What the task requires =>
What is needed is a verbatim copy of the data, minus the pictures.

Source data =>
<<<<
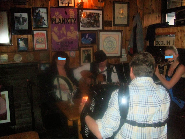ライブが始まるようだった。残念ながらテーブル席では壁越しで、姿は見えない。仕方なく、ギネス片手に立ち見覚悟で移動した。 それが、どこのライブもそうであるが、マイクの調整やら何やらで、なかなか始まらないのが常である。 下手をすると一時間ほど待たされることがある。そういうこともあって、たまたま、帰る人があって椅子が空いた。 目の前に、おばちゃんがバウロン を持って座っている。ギターをもった男がリーダーのようだったが、ときおりおばちゃんと言葉を交わしていた。そこへフルートをもった綺麗なお嬢さんと、アコーデオンを肩にかけた男も加わった。
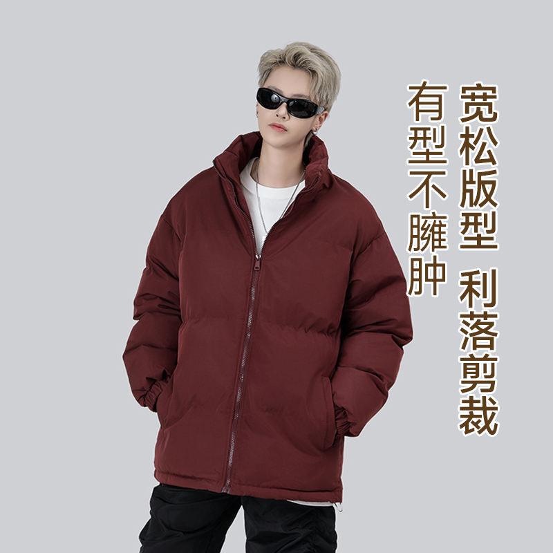 VF真维斯冬季棉服外套宽松立领棉袄面包服青年酒红新年服男款棉衣
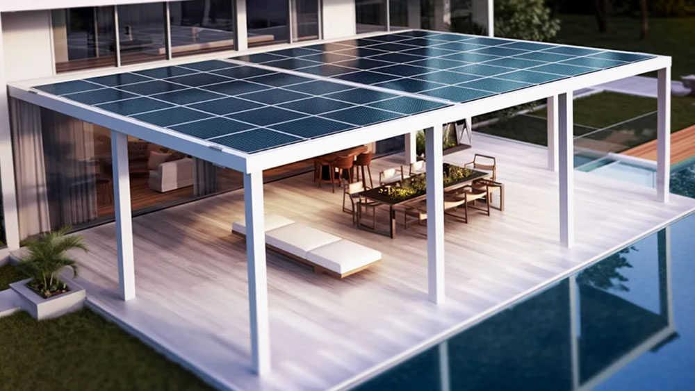 A solar panel roof combines sustainability with modern design. By installing solar panels on your pergola, you can harness the power of the sun to generate renewable energy.
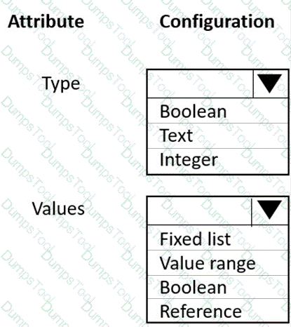 Which configuration should you use for each attribute. To answer, select the appropriate option in the answer area.
>>>>
Answer to this problem =>
ライブが始まるようだった。残念ながらテーブル席では壁越しで、姿は見えない。仕方なく、ギネス片手に立ち見覚悟で移動した。 それが、どこのライブもそうであるが、マイクの調整やら何やらで、なかなか始まらないのが常である。 下手をすると一時間ほど待たされることがある。そういうこともあって、たまたま、帰る人があって椅子が空いた。 目の前に、おばちゃんがバウロン を持って座っている。ギターをもった男がリーダーのようだったが、ときおりおばちゃんと言葉を交わしていた。そこへフルートをもった綺麗なお嬢さんと、アコーデオンを肩にかけた男も加わった。
 VF真维斯冬季棉服外套宽松立领棉袄面包服青年酒红新年服男款棉衣
 A solar panel roof combines sustainability with modern design. By installing solar panels on your pergola, you can harness the power of the sun to generate renewable energy.
 Which configuration should you use for each attribute. To answer, select the appropriate option in the answer area.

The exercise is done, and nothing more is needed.